Does valerian really help you fall asleep faster?

No · Moderate evidence

Valerian probably does not help you fall asleep faster. Multiple independent review studies and a recent controlled trial found no measurable effect, and the official sleep guideline advises against it. If you have genuine sleep problems, discuss them with your doctor.

The full answer

Valerian is one of the best-selling sleep supplements, yet the evidence that it actually helps you fall asleep faster is remarkably thin. Two large review studies from 2023 and 2024 conclude that valerian does not measurably improve sleep-onset latency, sleep efficiency, or total sleep time in people with insomnia compared with placebo. The American Academy of Sleep Medicine (AASM) explicitly advises against valerian as a treatment for insomnia, both for difficulty falling asleep and for difficulty staying asleep.

What some people do report is a subjectively better sleep experience. However, when that is measured in a controlled way using objective methods such as a sleep EEG or movement recording, the effect disappears. This is a pattern that was also visible in an early small study from 1985: at home, participants experienced lying awake for a somewhat shorter time, but in the sleep laboratory there was not a single statistically significant difference. That strongly suggests that the subjective feeling is partly driven by expectation.

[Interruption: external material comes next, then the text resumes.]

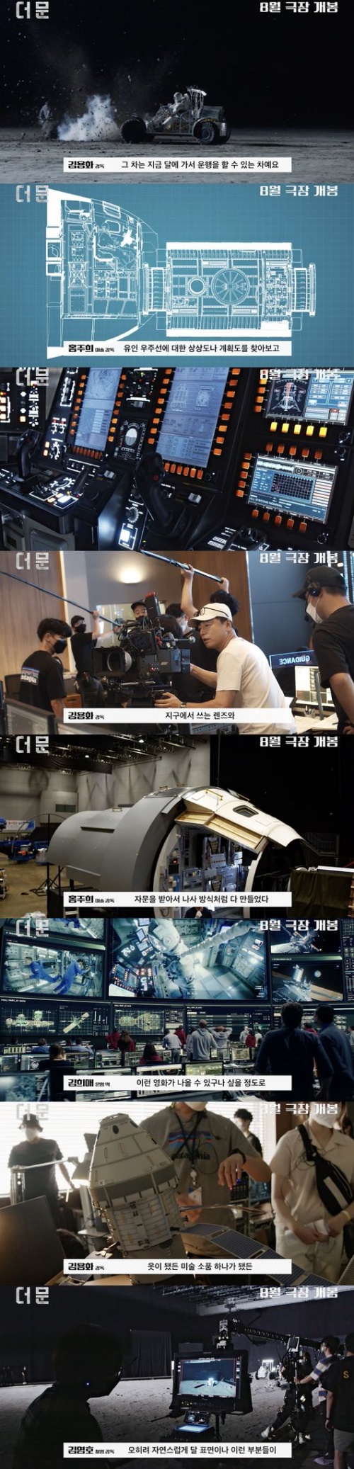 キム・ヨンファ監督は、実際にNASAで使う部品と材質で作った宇宙船の中の基板と操作パネルまでディテール一つひとつに万全を期したと自信を表わした。作品の中に登場する月面車は、「今すぐ月に行って運行できる車」と自信を持って言うほど最強の完成度だとか。

A recent placebo-controlled study from 2024 tested a combination product containing valerian, L-theanine, lemon balm, and saffron over six weeks in adults with sleep problems. Not one sleep parameter improved significantly compared with placebo. On a few measures the placebo group even performed slightly better. Those are not the results you want to see for a product that is widely sold.

The only clearly positive message concerns safety. Valerian is not associated with serious side effects. That said, the quality of over-the-counter herbal preparations varies considerably, and there is hardly any data on long-term use. For older adults the safety profile is reasonable, but even in that group effectiveness remains unclear.

The evidence
7 studies · 2 meta-analyses

Based on an umbrella review from 2024 (PMID 38359657), a systematic umbrella review from 2023 (PMID 37527850), the AASM guideline from 2017 (PMID 27998379), a Stanford review focused on older adults from 2018 (PMID 30058034), an RCT with a combination product from 2024 (PMID 38580720), and an early laboratory study from 1985 (PMID 3936097).